There might also be a case that in the actual biological brain the weights are not initialized randomly. See f.e. this work on clonally related neurons.
Something that is not appreciated a lot outside of neuroscience: “Learning” in the brain is as much a structural process as it is a “changing weights” process. This is particularly true throughout development but also into adulthood—activity-dependent learning rules do not only adjust the weights of connections, but they can also prune bad connections and add new connections. The brain simultaneously produces activity, which induces plasticity, which changes the circuit, which produces slightly different activity in turn.
That sounds a lot more like cognitive science than neuroscience! This is completely fine (I did my undergrad in CogSci), but it requires a different set of arguments from the ones you are providing in your post, I think. If you want to make a CogSci case for learning from scratch, then your argument has to be a lot more constructive (i.e. literally walk us through the steps of how your proposed system can learn all/a lot of what humans can learn). Either you take a look at what is there in the brain (subplate, synapses, …), describe how these things interact, and (correctly) infer that it’s sufficient to produce a mind (this is the neuroscience strategy); Or you propose an abstract system, demonstrate that it can do the same thing as the mind, and then demonstrate that the components of the abstract system can be identified with the biological brain (this is the CogSci strategy). I think you’re skipping step two of the CogSci strategy.

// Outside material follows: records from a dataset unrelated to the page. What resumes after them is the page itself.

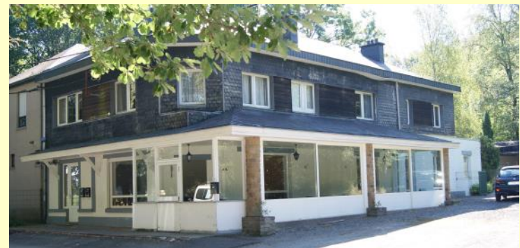
Charmille - 70 Personen (n° 51 auf dem Plan)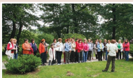
Botanični vrt Univerze v Mariboru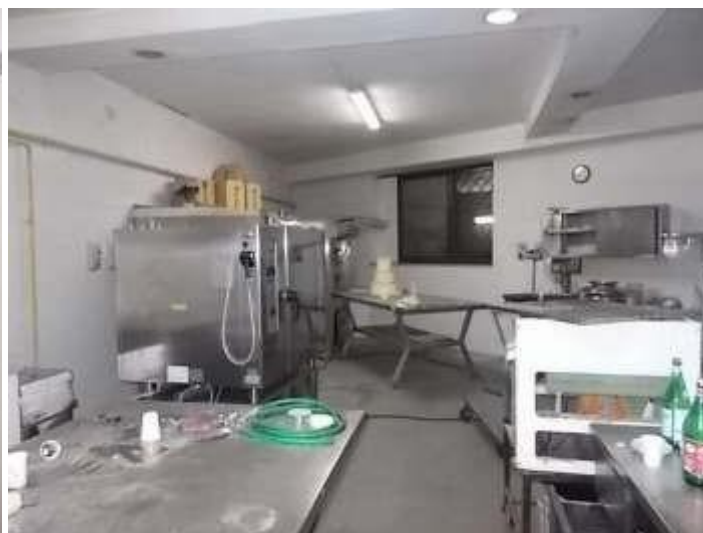
laboratorio di pasticceria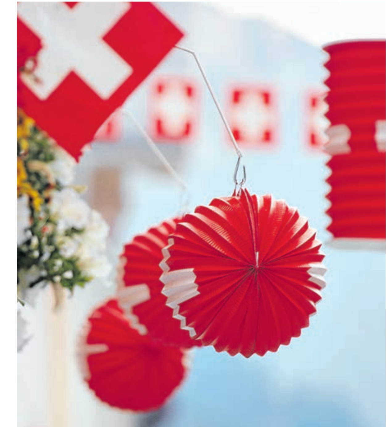
1. August in der Schweiz, ein Land erstrahlt in Rot-Weiss.

A las 20.45 cortegi da lampiuns Bügl Suot – Ftan Pitschen – piazza da scoula accompagnad da la Societad da musica. A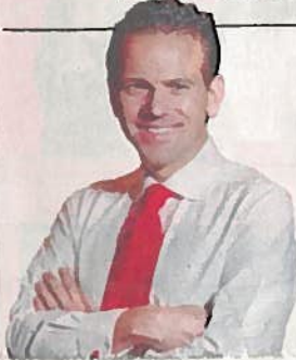
Carlos Loret de Mola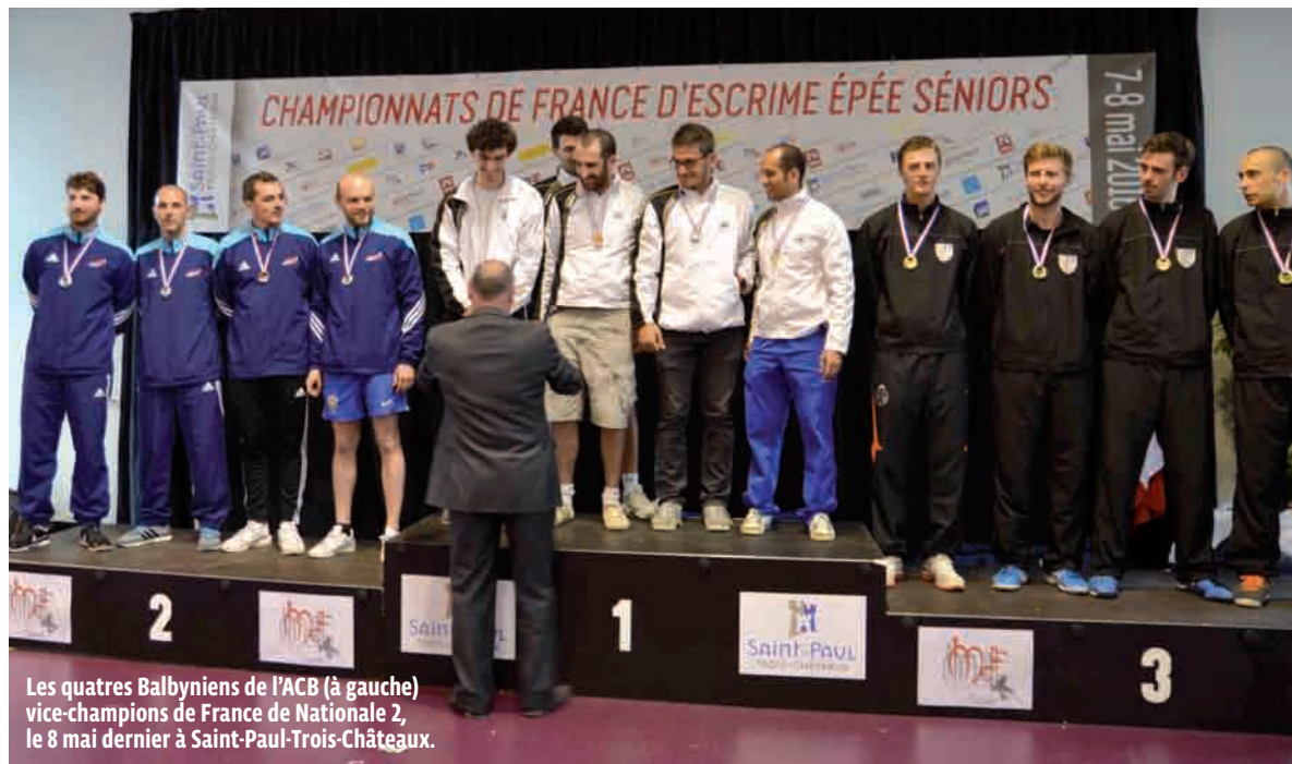
Les quatre Balbyniens de l'ACB (à gauche) vice-champions de France de Nationale 2, le 8 mai dernier à Saint-Paul-Trois-Châteaux.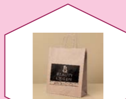
BROWN PAPER BAG ( WITH HANDLE )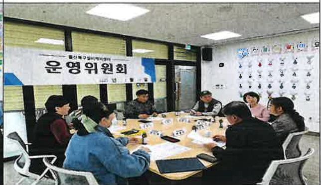
1차 운영위원회 사진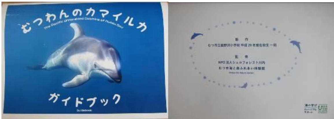
学習用テキストガイドブック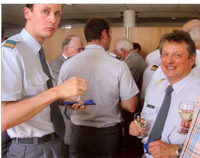
Erfolgreich und mit viel Schwung in die Zukunft beendete die SOLOG ihre zehnte Mitgliederversammlung – natürlich immer unter dem Credo: «Der Tradition verbunden, für den Wandel der Zeit offen, aber immer der Gemeinschaft verpflichtet.»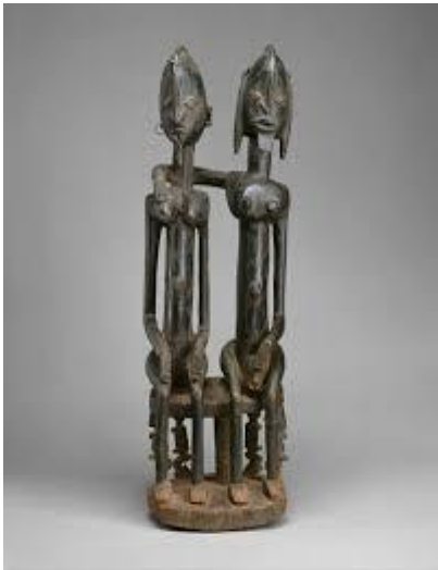
Figurine dogon Mali

Afin de parfaire tes connaissances sur l'Afrique, voici des photos et illustrations de peuples africains connus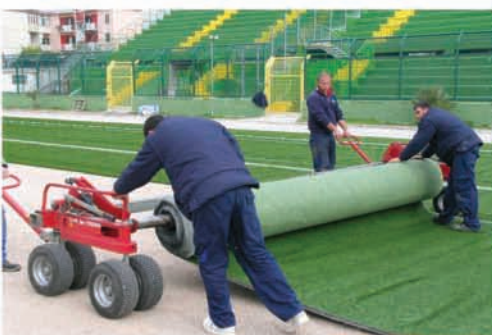
Stesura del manto di gioco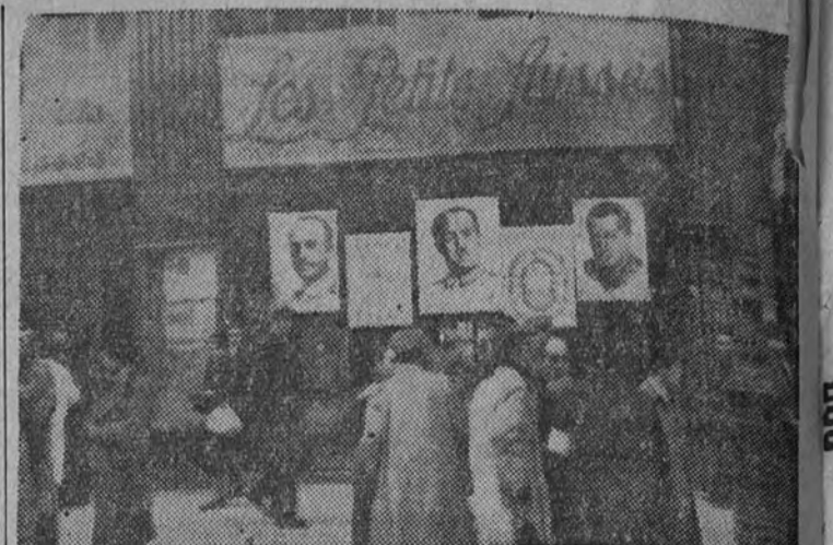
Retratos del Caudillo y de José Antonio señorean ya las fachadas madrileñas.

BERLIN 31.—"La Correspondencia Política y Diplomática", comentando la moción de simpatía dirigida a los checos votada por la Cámara francesa, declara que este rasgo no podrá menos de suscitar una impresión desagradable en los checos, los cuales no han olvidado que Francia, después de haberlos explotado como elementos de su política antialemana, en el momento decisivo los dejó abandonados a su destino. Después de haber afirmado que la iniciativa de la Cámara francesa constituye una injerencia en cuestiones que no la incumben. "La Correspondencia" concluye que tales nociones no tienen valor alguno. (Efe.)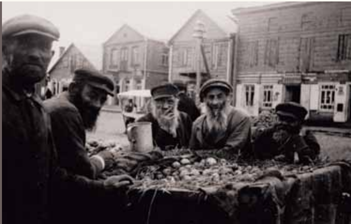
Vabalninko (Biržų r.) miestelio žydai turguje, XX a. 4 deš.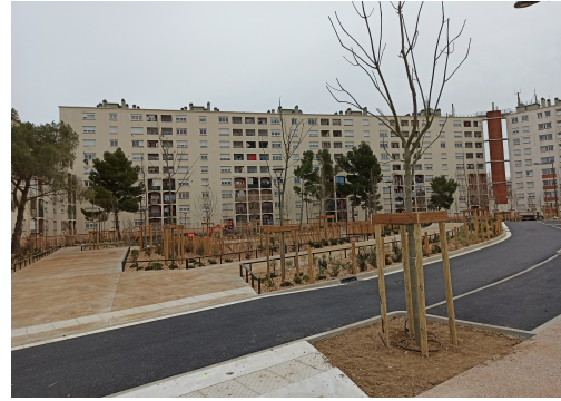
Champs de mars Aménagements extérieurs et jardins partagés (1 er tranche)

I’m on board with that. I anticipate that the design spec will contain (the equivalent of) a ton of hardcoded genetic stuff also for the “learning subsystem”/cortex. From a CogSci perspective, I’m willing to assume that this genetic stuff could be in the learning rule and the architecture, not in the initial weights. From a neuroscience perspective, I’m not convinced that’s the case.
Blocking retinal waves messes up the cortex pretty substantially (same as if the animal were born without eyes). There is the beta-2 knockout mouse, which has retinal waves but with weaker spatiotemporal correlations. As a consequence beta-2 mice fail to track moving gratings and have disrupted receptive fields.